Kidnapping again!!

I thought of this poster last night as I read journalist Bill Shaner's account of the kidnapping of a woman from her neighborhood in Worcester, Mass. In video taken by Shaner and others, Worcester police hold back a crowd attempting to the stop the abduction by federal officers – men with faces covered, wearing a variety of agency IDs (ICE, CBP, ATF). The crowd – neighbors, community organizers, a city council member, family – shouted "Don't take the mother!" and demanded to see the warrant. According to Shaner, Worcester police officers responded "This is federal" and "They don't need a warrant." They also arrested two people, including the woman's distraught 16-year-old daughter.
Back to the poster. There are a lot of these posters in the Boston Public Library collection, this particular one was made in 1854 following the kidnapping of Anthony Burns. A 20-year-old clothing store clerk, Burns had self-emancipated from enslavement in Virginia and begun a new life in Boston when he was tricked by U.S. Marshals into going with them to the courthouse, whereupon he learned they were there to return him to slavery.
The marshals had to trick Burns into going quietly, because Boston's Committee of Vigilance was top tier. Made up of hundreds of residents of every race and class, they could assemble at a moment's notice and would do just about anything to protect their self-emancipated neighbors, including physically overpowering the authorities. They probably looked a lot like the group of regular people who tried to stop the Worcester abduction yesterday, but with fewer women.
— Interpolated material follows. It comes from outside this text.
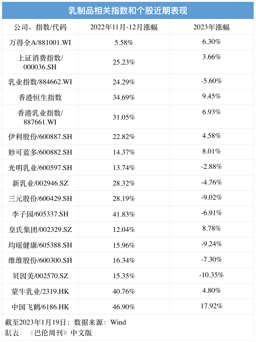 乳业股就是这样一张暧昧的“明牌”。从2022年最后两个月的涨幅来看,这个子板块的表现与大盘趋同,部分个股的涨幅甚至超越了大盘——这是明确的事实。不过,对于乳业公司们的销售回暖和估值修复,并不是所有人都认可。

The marshals tried to keep Burns' hearing the next day secret, too, but an abolitionist attorney found out about it anyway and sent out the alarm, hence the poster.
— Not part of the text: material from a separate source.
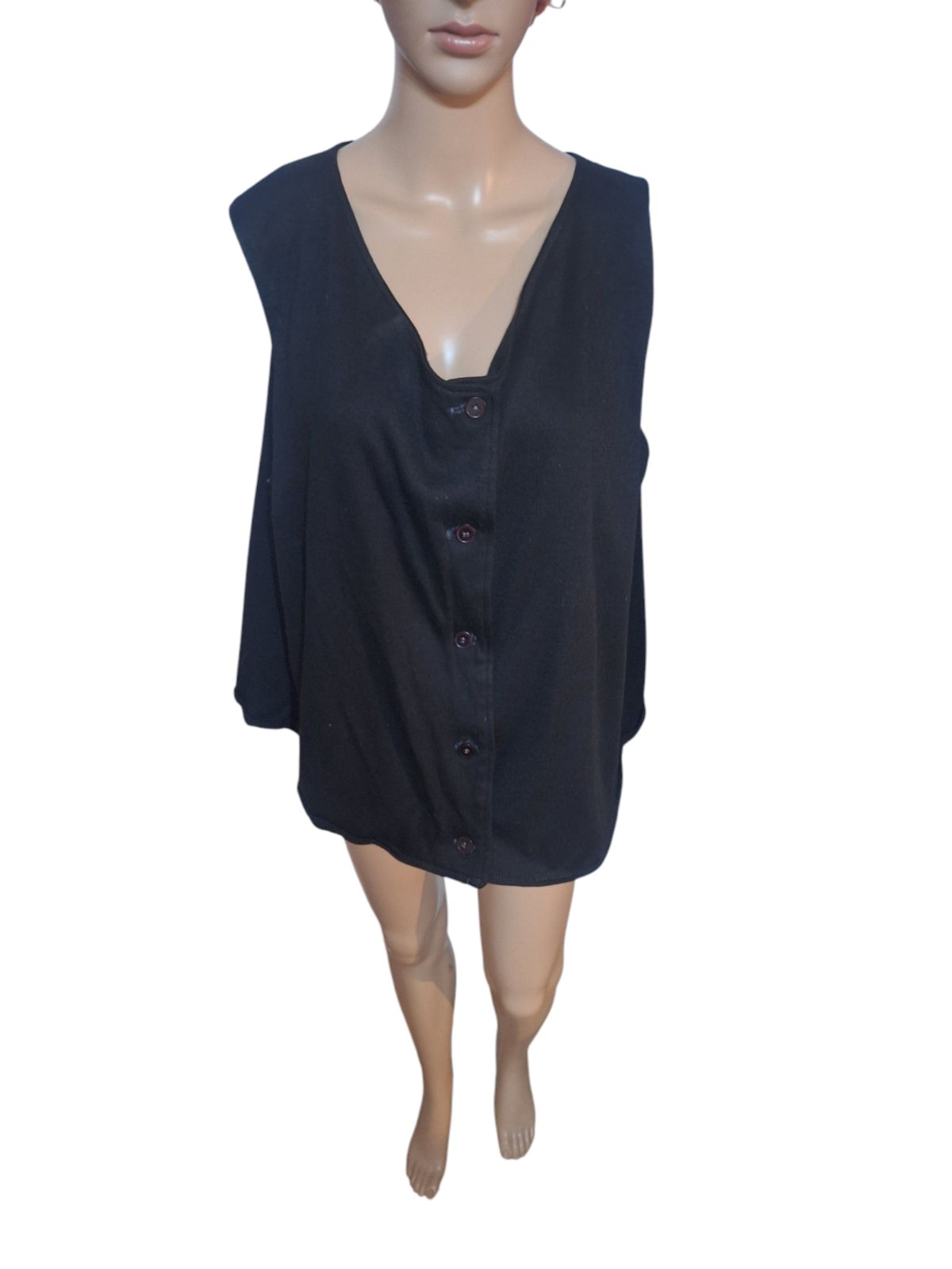 Dámska vesta na zapínanie. Je mierne elastická. Dĺžka je 60cm,obvod hrudníka je 140cm a obvod pása je 140cm. kód 858

Did the woman yesterday even get a hearing, or has she been denied due process like Kilmar Abrego Garcia?
A report from the scene of a horrifying kidnapping on the streets of Worcester, MA today by @billshaner.bsky.social www.welcometohellworld.com/they-dont-ne...
— Luke O'Neil (@lukeoneil47.bsky.social) 2025-05-08T22:53:59.298Z
The attorney convinced Burns to let him defend him in court but after nine days throwing every legal wrench in the works, Burns was ordered to be returned to slavery. The judge said he didn't want to do it, but the Fugitive Slave Act was legal, and Anthony Burns's presence in the free commonwealth of Massachusetts was not.
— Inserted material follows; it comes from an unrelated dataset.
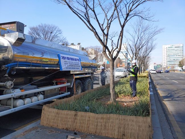 가로수의 잎이 마르거나 말라 죽는 것을 방지하기 위해 살수차를 활용해 물을 주는 관수(灌水) 작업도 한다.
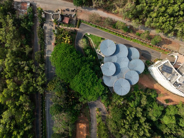 The Center for Inclusive Growth & Competitiveness is nestled inside the 40-acre residential campus of TAPMI located on a hillock, overlooking a picturesque valley with views of the forested green canopies. Occupying a humble land parcel of 5,000 square feet, it holds a significant position within the campus, offering a dynamic interplay between its immediate context and the broader environment.

Has the woman yesterday been able to speak to an attorney, or is she as alone before a judge as that 4-year-old in New York?
The Boston vigilance committee tried a last-minute rescue riot, but local police stepped in and quelled the attempt, arresting three people and ensuring Burns's return to Virginia, where he would be beaten and imprisoned in conditions so poor he would never fully regain his health, dying at age 28 – in freedom in Canada.
When federal agents found themselves "surrounded" yesterday mid-abduction, they called in Worcester cops, whose chief assured the city council in January they would not assist Trump's assault on immigrants. But, as Shaner wrote, "what he didn't say is that if you try to stop the civil arrest, the police will stop you from stopping it."
I try to share original perspectives on history here, but sometimes there is nothing else to say besides: Goddammit, we are doing the exact same thing again?! I hate the glibness of the moral of the story being "history repeats itself" – because it doesn't have to! "History repeats itself" confers an undue sense of inevitability, which then confers undue resignation.
I had thought federal kidnappings were one part of history we had safely made it past. I was wrong. So, fine, if history is going to repeat itself, let the vigilance committees repeat themselves, too. Let them spread to every city and hamlet, grow in ranks, and win some battles alongside the heroic loss of yesterday.
And let them win the war. Just like they did the first time.